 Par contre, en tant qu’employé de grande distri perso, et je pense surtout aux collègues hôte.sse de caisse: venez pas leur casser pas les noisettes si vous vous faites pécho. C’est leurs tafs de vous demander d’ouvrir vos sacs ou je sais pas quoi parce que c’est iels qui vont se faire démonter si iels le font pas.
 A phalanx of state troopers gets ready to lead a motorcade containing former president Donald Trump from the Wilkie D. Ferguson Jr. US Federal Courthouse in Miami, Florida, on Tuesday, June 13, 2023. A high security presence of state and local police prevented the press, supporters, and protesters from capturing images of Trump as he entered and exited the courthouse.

··········

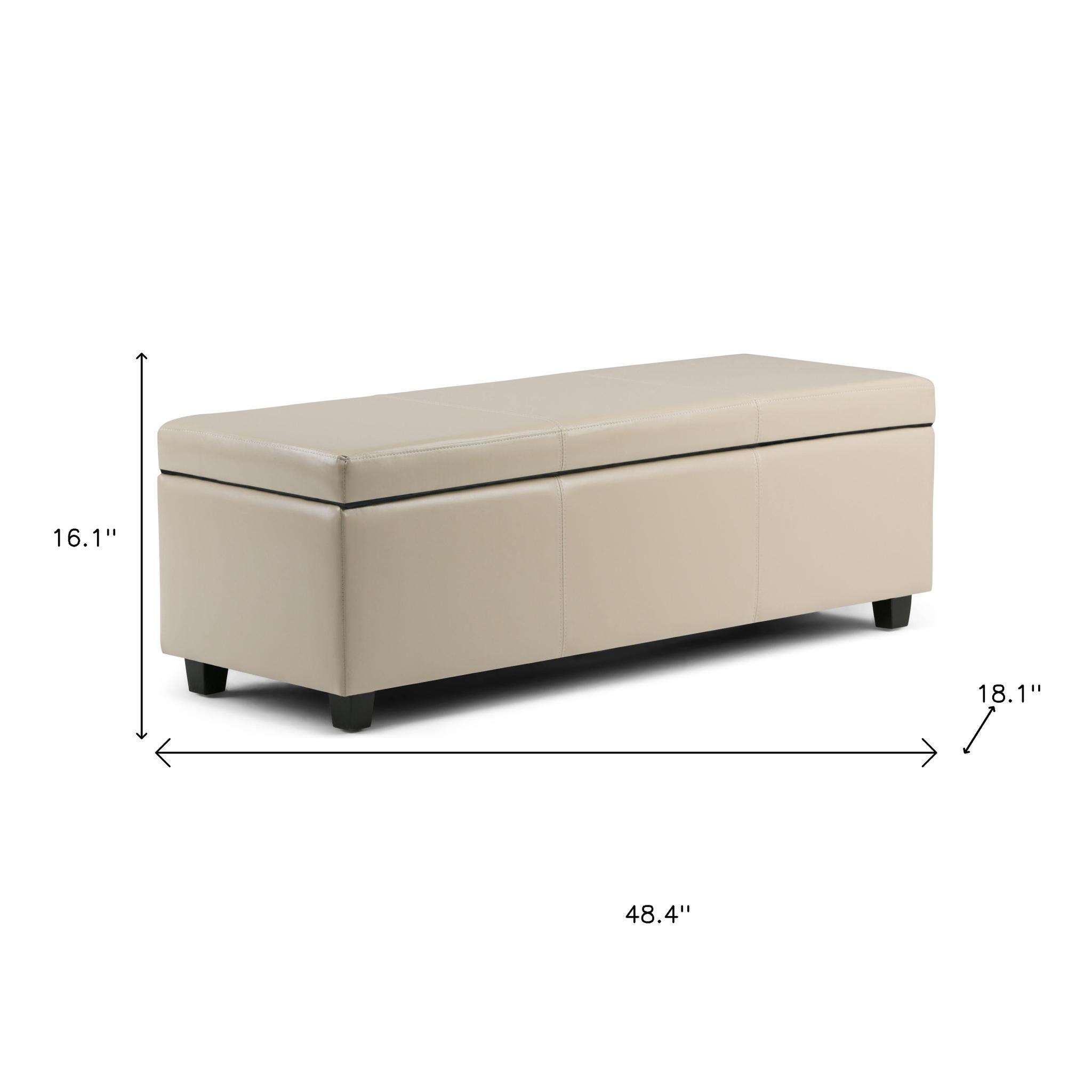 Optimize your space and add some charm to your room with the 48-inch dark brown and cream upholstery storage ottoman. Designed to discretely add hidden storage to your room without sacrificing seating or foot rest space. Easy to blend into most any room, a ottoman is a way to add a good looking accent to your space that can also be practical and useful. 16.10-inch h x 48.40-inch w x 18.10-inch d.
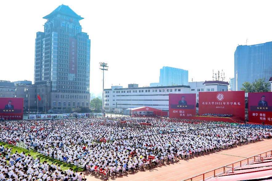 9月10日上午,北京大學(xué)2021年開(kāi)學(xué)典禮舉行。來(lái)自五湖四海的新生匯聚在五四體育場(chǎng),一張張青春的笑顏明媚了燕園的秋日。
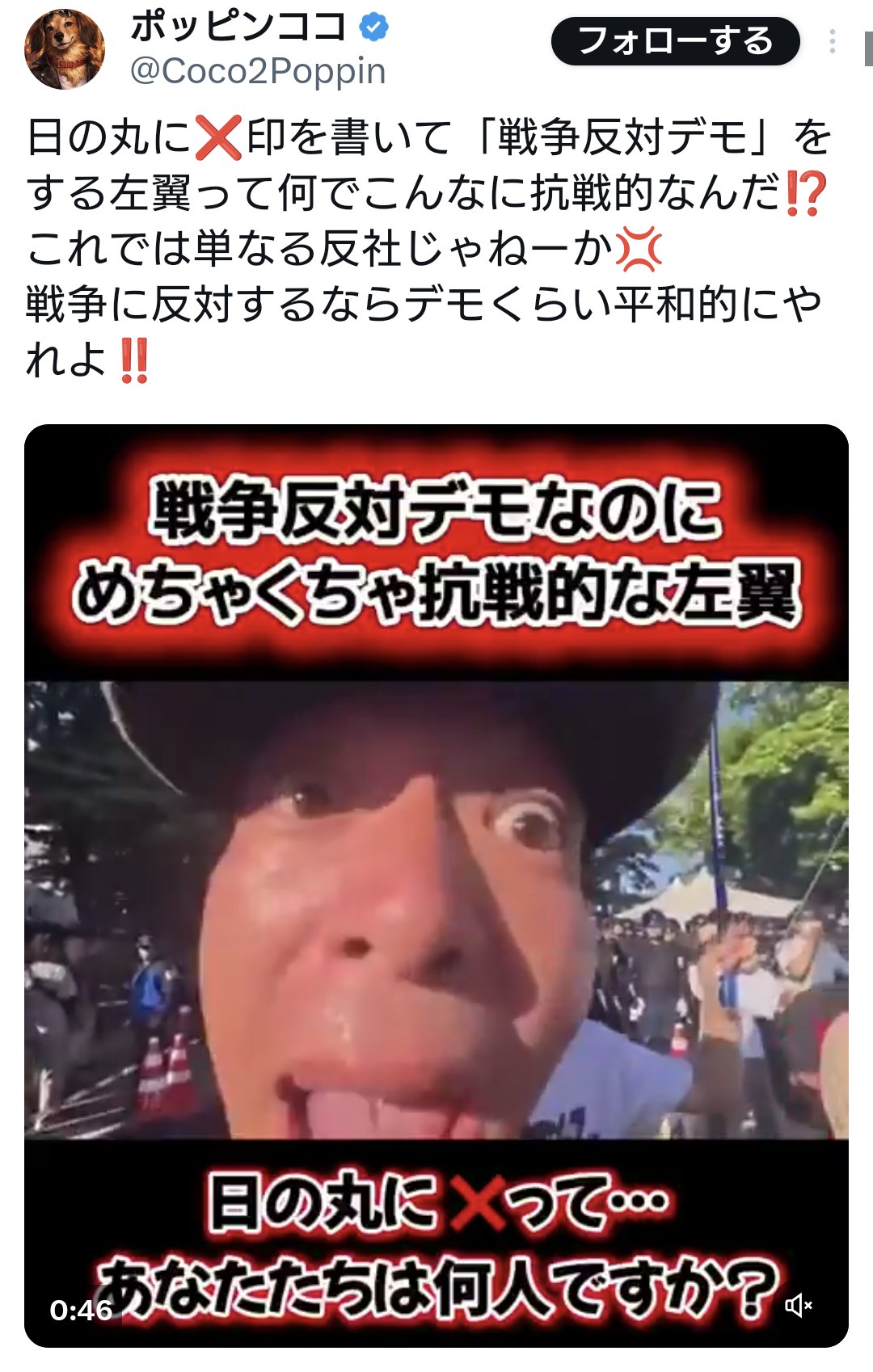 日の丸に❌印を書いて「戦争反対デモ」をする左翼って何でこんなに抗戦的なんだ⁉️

··········

**Your instructions:** Only the lines above from the one with "Optimize your space" to the one with "日の丸に❌印を書いて「戦争反対デモ」をする左翼って何でこんなに抗戦的なんだ⁉️" should be printed, both included and exactly as written; no picture belongs in the copy.

**Task result:**
 Optimize your space and add some charm to your room with the 48-inch dark brown and cream upholstery storage ottoman. Designed to discretely add hidden storage to your room without sacrificing seating or foot rest space. Easy to blend into most any room, a ottoman is a way to add a good looking accent to your space that can also be practical and useful. 16.10-inch h x 48.40-inch w x 18.10-inch d.
 9月10日上午,北京大學(xué)2021年開(kāi)學(xué)典禮舉行。來(lái)自五湖四海的新生匯聚在五四體育場(chǎng),一張張青春的笑顏明媚了燕園的秋日。
 日の丸に❌印を書いて「戦争反対デモ」をする左翼って何でこんなに抗戦的なんだ⁉️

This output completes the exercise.